Gordana Lazarevich (born February 28, 1939) is a Canadian pianist, musicologist and former department head at the University of Victoria.

== Background and education ==
Gordana Lazarevich was born in 1939, in Belgrade, Serbia. She immigrated to Canada in 1957. Lazarevich obtained her masters diploma from Juilliard in 1964 and her doctorate from Columbia University in 1970.

== Career ==
Lazarevich became director of the School of Music at the University of Victoria in 1986. Prior to that, she was director of graduate studies in music at the same university. She has written about various musicians and musical genres, specializing in 18th century and 19th century music.
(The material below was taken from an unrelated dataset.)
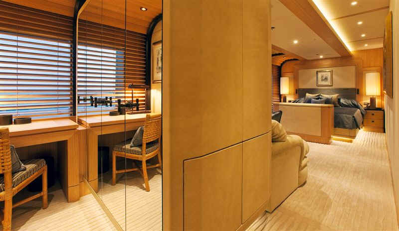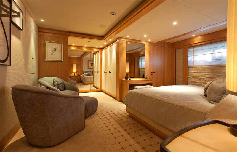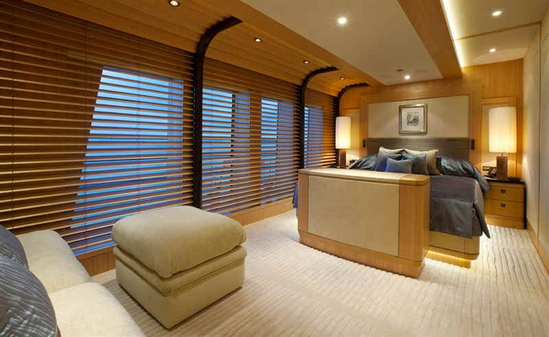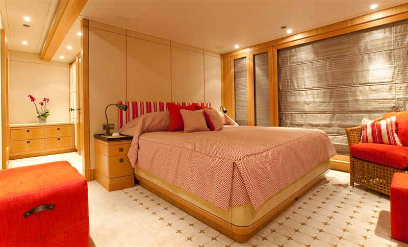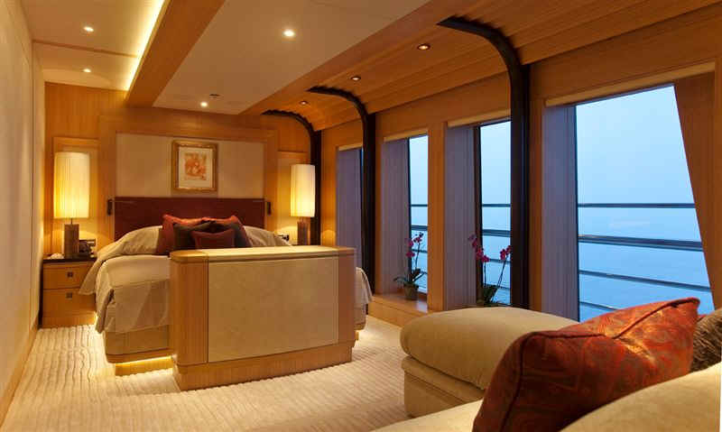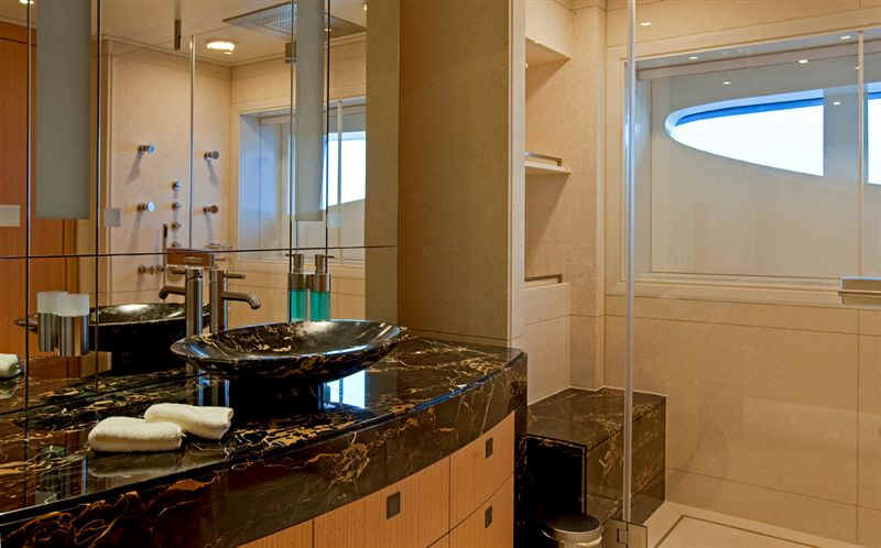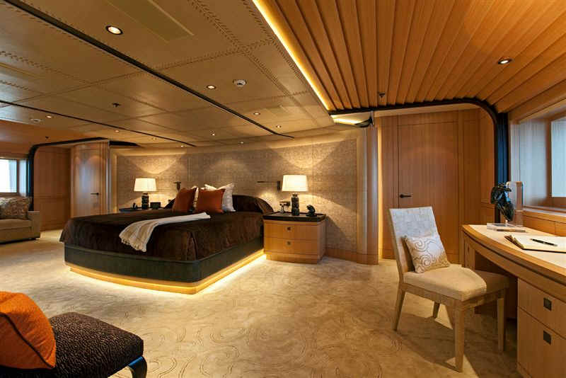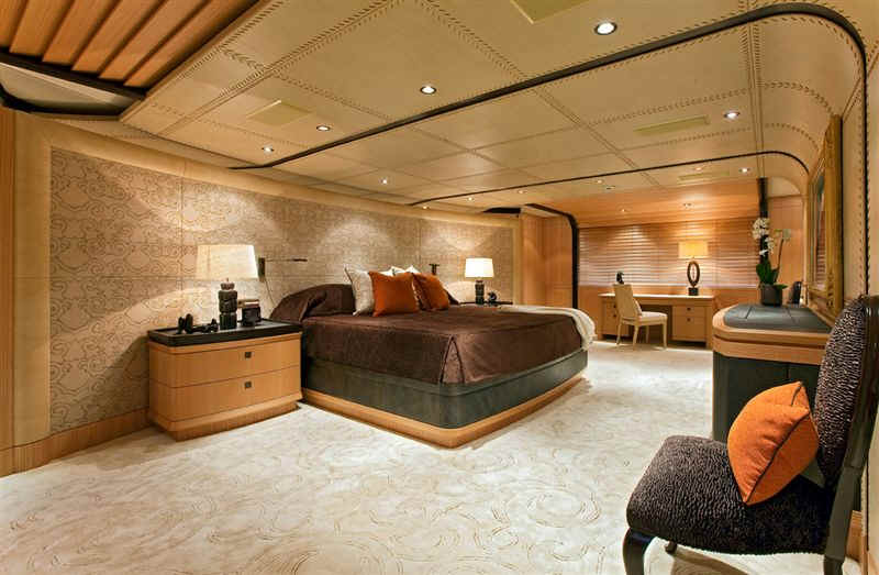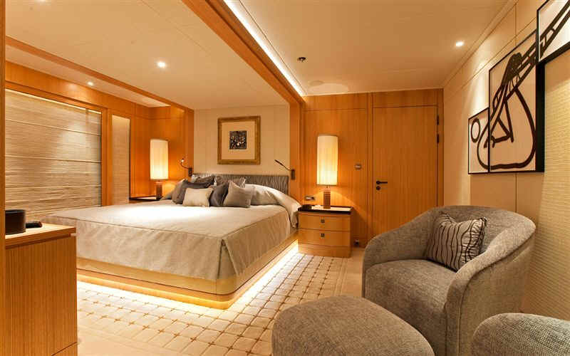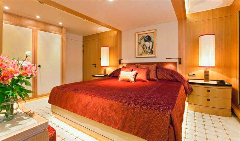 Forward on the Main Deck, the full-width master suite—with deluxe bath,

In 1970, Columbia University published her dissertation "The Role of the Neapolitan Intermezzo in the Evolution of Eighteenth-century Musical Style". A book on Frances James and Murray Adaskin was published in 1988. She also edited "L'Artigiano Gentiluomo : Recent researches in the music of the Classical Era". Lazarevich contributed to magazines such as Current Musicology, The Musical Quarterly and Analecta Musicologica, as well as The New Grove Dictionary.

As a pianist, Lazarevich performed with the Toronto Symphony Orchestra and also appeared on CBC Radio and Television. Her other recitals were at venues like the Canadian National Exhibition and the Toronto Art Gallery.

== Awards ==
In 1959, Lazarevich won the CBC Trans-Canada Talent Festival in the piano category.